Meet Dayna Danger: A Queer, Metis/Saulteaux/Polish artist who was raised in Winnipeg, MB and now resides in Montreal. Utilizing photography, sculpture, and video, Danger 's practice questions the line between empowerment and objectification by claiming space with her human scale work. Co-opting the visual language of fashion and pornography, she repurposes and challenges perceptions of power, gender, performativity, representation, sexuality, and mixed identities.
Below is an interview with Dayna Danger and WIOT's Katie Webb:
Katie: How do you define your relationship with your audience?
Dayna: When I think about my audience, the most ideal situation is the gallery, because that space in and of itself has history as an institution. My work is there to take up space, that’s why I print everything so big. I want to overwhelm people so that they can’t look away. There are a lot of cues from fashion photography and pornography to try to lure you in, and then you’re trapped there. Either you’re going to be into it or not; you have the decision to leave and to participate.
K: What experience do you want your audience to walk away with?
D: One that leaves them inherently confused - I want them to question everything. I was raised Polish Roman Catholic by my dad and grew up with a certain worldview; I only feel that quite recently I’ve come into my own. There’s not just one track for everyone, you have to figure out your own thing. I feel like this generation and the ones coming up are going to be figuring that out, because the ideas that were sold to our parents haven’t been panning out for us so well.
K: In artistic expressions like drag, we see elements of magic and transformation. In your work, where does that come from and what is its purpose for you?
D: I’m trying to envision another life. My performance work is really rough. For example, the beaded masks that I made – I really love to imagine that they are part of ceremony, or that they exist for this sort of vigilante gang. These imaginings give us our power back; because so often Indigenous people are always spoken of in the past, when in truth we are very present.
K: Most of us are only beginning to talk about Indigenous sexuality. How do you want to help shape its discourse?
D: It would be so nice if the conversation actually lay on Indigenous lips. There are so many expectations for how Indigenous people are supposed to be – we have the savagery image, that the men are stoic, or that the women are these very virile sexual beings to be conquered.

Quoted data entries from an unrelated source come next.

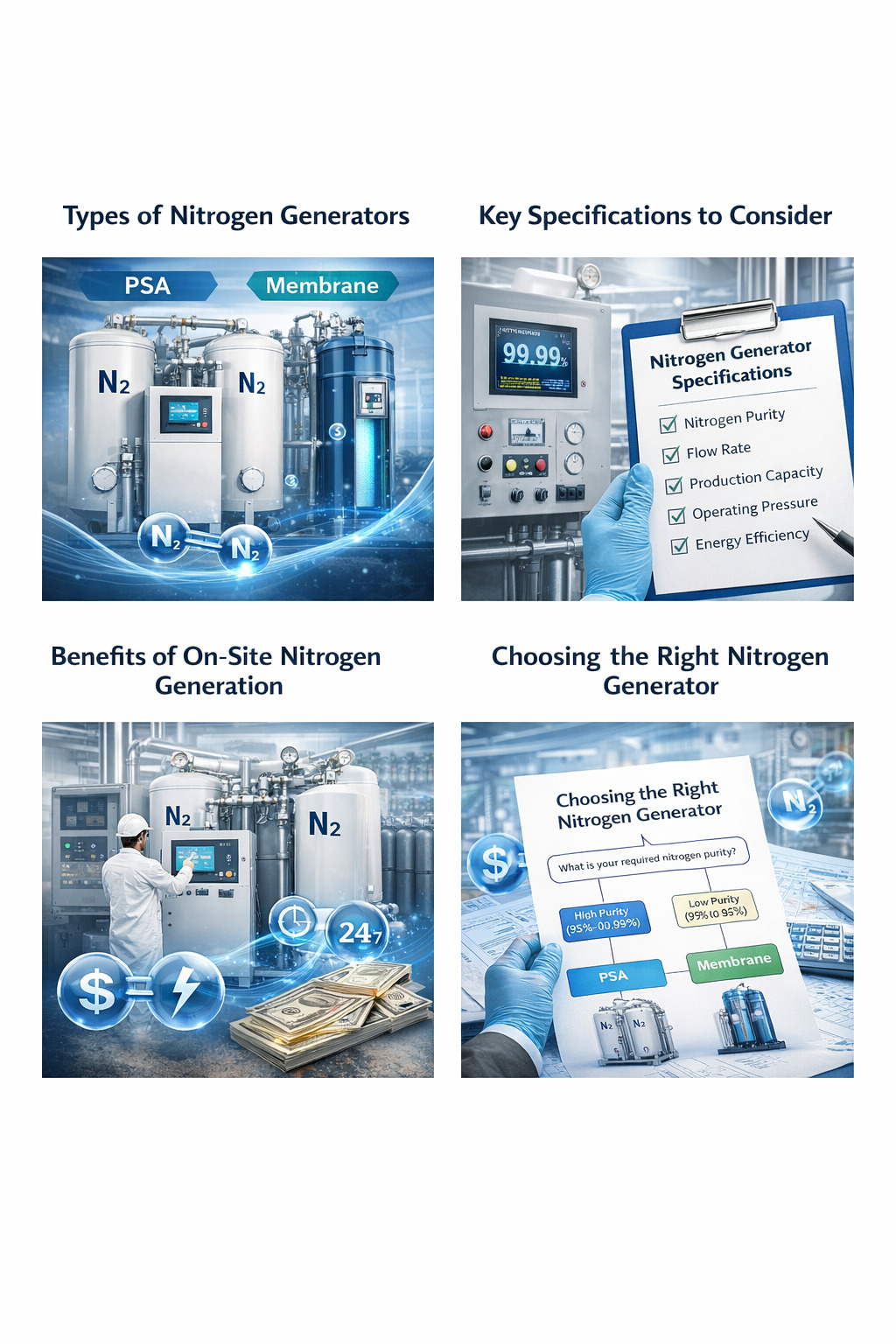 - เครื่องผลิตไนโตรเจน (Nitrogen Generator – PSA หรือ Membrane)
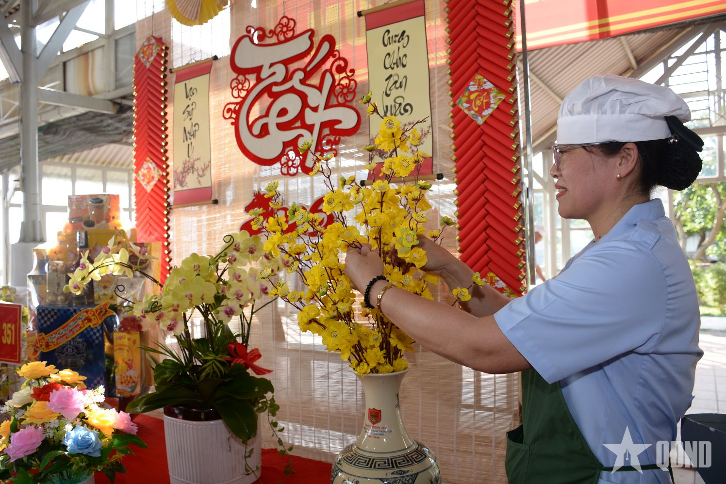 Không gian rực rỡ sắc xuân của các đội thi.
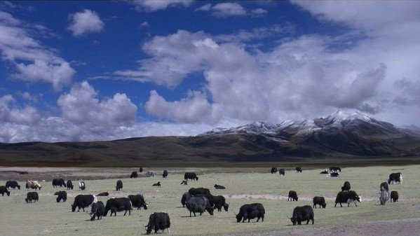 在西藏的原野上见到最多的是牦牛,身披长毛,体格强健,成群结队,十分壮观。特别是走近时,它们表现的烦躁和不友善,圆目相视,打着响鼻,扎出一幅神圣不可侵犯的架势。 西藏牦牛有着持久的耐力,有着对艰苦条件下的适应能力,能在高海拔的自然环境下,抵御严寒和风雪,是藏民的亲密伙伴。

I have an Ojibwe friend out from Broken Head, and we’ve decided to start our own Indigenous-based pornography collective. We want to show sex in many different ways, and from an indigenous perspective, while also giving agency to the performers. It’s very much in its baby stage, but I think it’s important to give another perspective. Often in mainstream porn there’s a lot of fetishization and the perspective remains very cis, heteronormative, and white with augmented bodies.
K: In what ways does pornography affect your work and how does your work affect pornography?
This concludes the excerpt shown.